START Records for processing
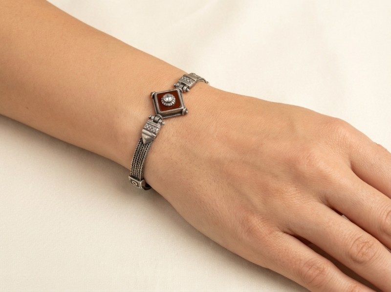 ΑΝΤΙΚΕ ΑΛΥΣΙΔΩΤΟ ΒΡΑΧΙΟΛΙ ΑΣΗΜΙ925 ΜΕ ΚΟΡΝΕΟΛΗ ΚΑΙ ΖΙΡΚΟΝ ΠΕΤΡΑ
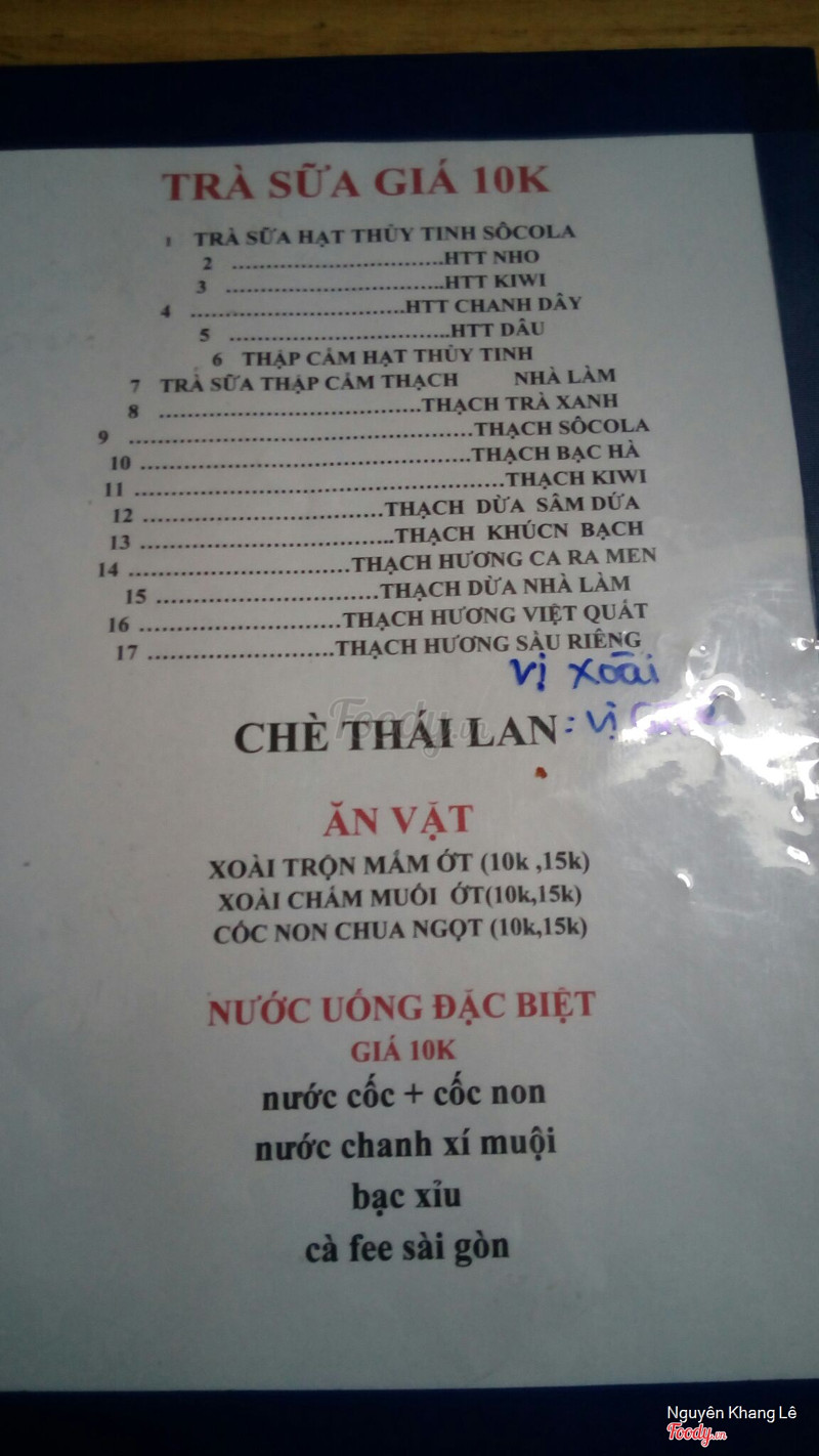 8.2Trà sữa cho sinh viênQuán này mở khá lâu rồi, nhưng trước đi chỉ bán cafe và các loại nước giải khát, sau này mới mở thêm trà sữa :) vào test thử. Menu cũng như những quán khác, không có gì mới :3 nhưng mà khi cái ly được đem ra thì mình khá là bất ngờ, ly đầy thạch :v mà loại thạch có nhân bơ bên trong, béo béo. Bánh tráng trộn thì ổn, không có gì để chê :D thế này thì sẽ ghé quán dài dài. Cô chủ quán cũng vui tính nữa. ...Xem thêm
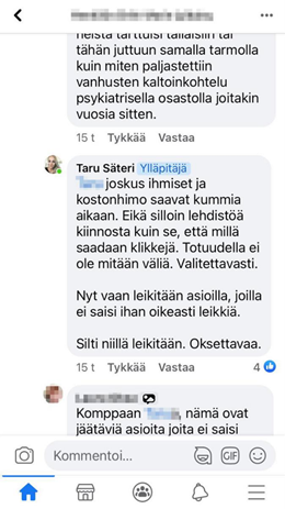- TS:n julkaistua selvityksensä SR Tallista 24.5. verkkolehdessä ja 25.5. printtilehdessä, ruodit uutista Tesyn suljetussa Facebook-ryhmässä ja väitit useaan otteeseen uutisointia valheelliseksi. 26.5. jatkoit lehtijutun ruotimista saman sävyisillä kommenteilla.
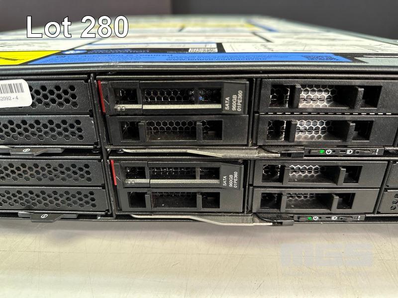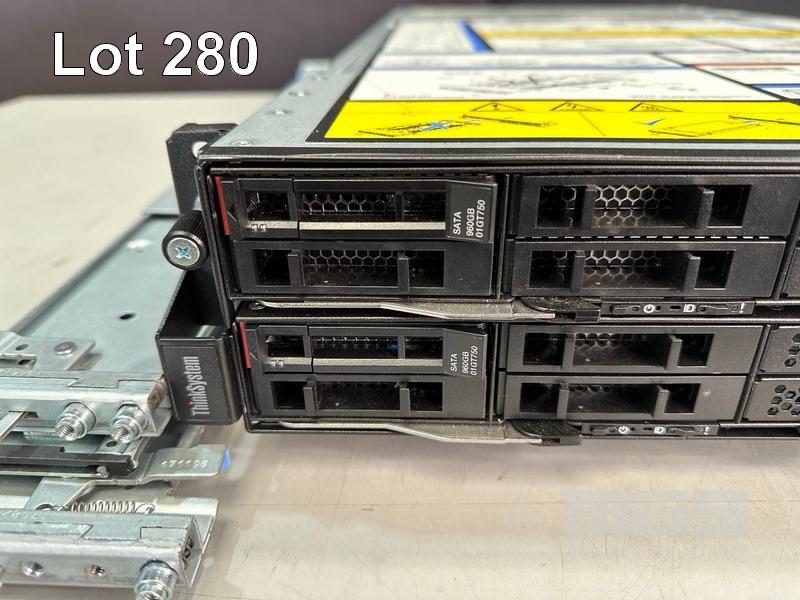 RACKMOUNT SERVER, LENOVO THINKSYSTEM D2 ENCLOSURE, TYPE 7X20, 2U WITH 4 x SD530 SERVER NODES - EACH WITH 2 x XEON GOLD 6248 @ 2.5GHz, 192GB ECC DDR4 RAM (12x16GB), 1 x 960GB SATA SSD WITH RAILS (NO CABLES) S/N:J300FP17
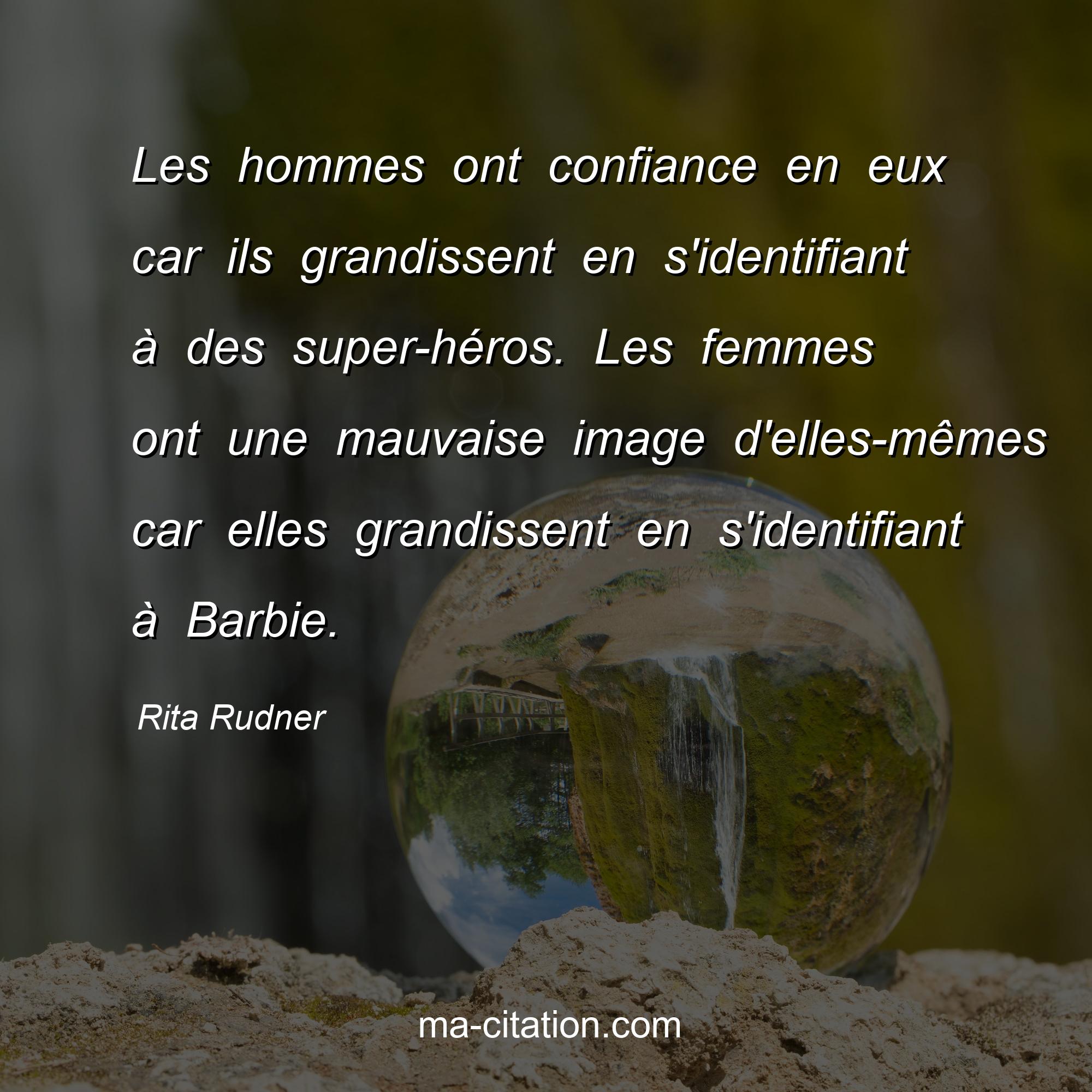 Citation sur la vie de Rita Rudner :Les hommes ont confiance en eux car ils grandissent en s'identifiant à des super-héros. Les femmes ont une mauvaise image d'elles-mêmes car elles grandissent en s'identifiant à Barbie.
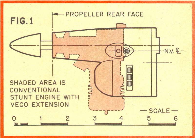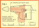 Despite the price disadvantage commented on in the British magazines only, all the modelling press raved over the engine, Chinn raved three times and I can find almost no sign of replication in the text of his two Atlantic spanning reviews. This is quite a feat when searching for words to explain a totally new concept! The side view drawing from American Modeler shows a Fox 35 with shaft extension for comparison. The height reduction is about 20%; significant, but notice that the engine is considerably longer. Price aside, the weight difference is the killer. The Aero weighs 10.6 ounces. Compare that to 6.5 ounces for the Fox, or 7.5 for the Johnson SS. Bolt that onto the firewall of your stunter and you have a bad center of gravity problem requiring tail weight. Move the firewall back and you've got a tank accommodation problem. Going to look great though. Oddly, not one of the reviews comments on this rather obvious fact. Maybe they wanted to like the engine. Then again, editorial policy towards advertisers may have been a factor too.
END Records for processing
▶ [Exercise goal]: Pictures must be left out of the answer, which should be exactly the lines from the one holding "Citation sur la" through the last line of the entries above, both included; please add nothing.

▶ [Answer to this problem]:
 Citation sur la vie de Rita Rudner :Les hommes ont confiance en eux car ils grandissent en s'identifiant à des super-héros. Les femmes ont une mauvaise image d'elles-mêmes car elles grandissent en s'identifiant à Barbie.
 Despite the price disadvantage commented on in the British magazines only, all the modelling press raved over the engine, Chinn raved three times and I can find almost no sign of replication in the text of his two Atlantic spanning reviews. This is quite a feat when searching for words to explain a totally new concept! The side view drawing from American Modeler shows a Fox 35 with shaft extension for comparison. The height reduction is about 20%; significant, but notice that the engine is considerably longer. Price aside, the weight difference is the killer. The Aero weighs 10.6 ounces. Compare that to 6.5 ounces for the Fox, or 7.5 for the Johnson SS. Bolt that onto the firewall of your stunter and you have a bad center of gravity problem requiring tail weight. Move the firewall back and you've got a tank accommodation problem. Going to look great though. Oddly, not one of the reviews comments on this rather obvious fact. Maybe they wanted to like the engine. Then again, editorial policy towards advertisers may have been a factor too.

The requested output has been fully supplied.